5. By the impugned order dated 10.4.2003 the learned Single Judge, set aside the communication dated 19.11.2000 and remitted the matter to the Management of the Corporation to pass a fresh order strictly in accordance with law, after giving opportunity of hearing to the writ-petitioner. The Management of the Corporation has preferred the present appeal against the said order/ direction of the learned Single Judge.
6. From perusal of the impugned order, it appears that the learned Single Judge while remitting the matter to the authority concerned observed that if the school leaving certificate was shown in original then the respondent even at that time had the opportunity not to proceed on the basis of said school leaving certificate, by the issuance of Annexure 3 and 3/1, it is evident that they acted all along on the basis of the date of birth as recorded in the school leaving certificate and not on the basis of pre-employment Medical Examination Report.

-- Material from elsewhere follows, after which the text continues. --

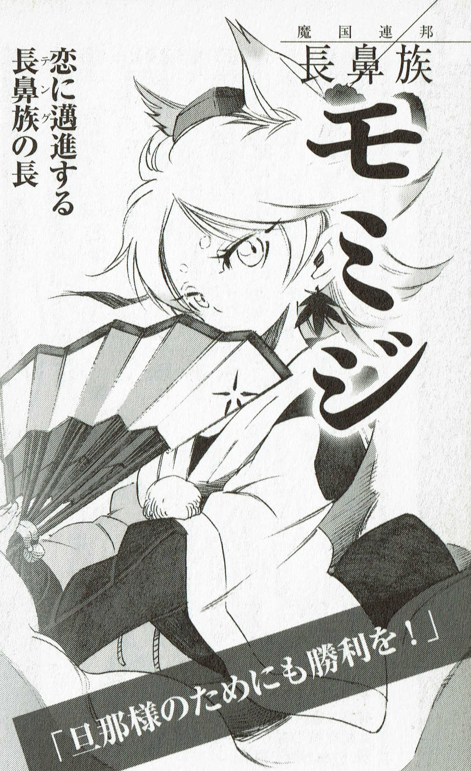 目が覚めるような美人で、テングの特徴の一つである大きな犬耳を持っている。

7. Mr. A Allam, counsel for the respondent No. 1 placed reliance on a decision in Radhe Shyam Singh v. State of Bihar and Ors., 2001 (1) PLJR 451 and submitted that action of the respondents, in acting on the basis of pre-employment Medical Examination Report, which was contrary to the date of birth recorded in the school leaving certificate, was not proper. The A.P.O. H.Qrs. had already verified the original school leaving certificate, and thereafter the authorities cannot, at this stage, be allowed to fall back on the declaration that the respondent No. 1 might have made at the time of initial appointment. Further the pre-employment Medical Examination Report can also be taken as proof of age of the employee concerned.
8. In our opinion, in respect of the proof of date of birth, the date recorded in a matriculation certificate and in a school leaving certificate cannot be treated at a par, In respect of the date of birth mentioned in the matriculation certificate, unless there is a doubt of genuineness of the certificate itself, no other proof is required and it is conclusive proof to establish the date of birth. On the other hand a school leaving certificate, unless proved in accordance with law, its authenticity cannot be accepted without proof.
9. Unfortunately, in the matriculation certificate produced by the respondent No. 1, her date of birth was not mentioned. As per the prevalent practice at the relevant time, in the case of female candidates, her date of birth was not mentioned in the matriculation certificate. Hence the respondent No. 1 was not in a position to establish her date of birth on the basis of the said matriculation certificate. Faced with such situation, she obtained the school leaving certificate in proof of her date of birth, which could have only been accepted, if the authorities were satisfied about its genuineness as well as proper proof in accordance with law. The respondent No. 1, in our opinion, was at liberty to move the appropriate forum for redressal of her grievances in accordance with law, elsewhere. Such dispute cannot be decided under Article 226 of the Constitution of India.
10. In such a situation, remittance of the matter to the authorities of the Corporation would not serve the purpose of the respondent No. 1. The corporation, did not accept her date of birth in the year 1948 and her age (32 years in the year 1977) mentioned in the Personal Data Form was directed to be continued.
11. We are, therefore, of the view that the respondent No. 1 was not entitled to get any relief from this Court under the writ jurisdiction and on being aggrieved by the direction of the Corporation dated 19.10.2000, she was required to go before an appropriate forum elsewhere for redressal of her grievance.
12. We, therefore, decline to interfere with the aforesaid direction dated 19.10.2000 and set aside the impugned order dated 10.4.2003, passed by the learned Single Judge.
In the result this appeal in allowed.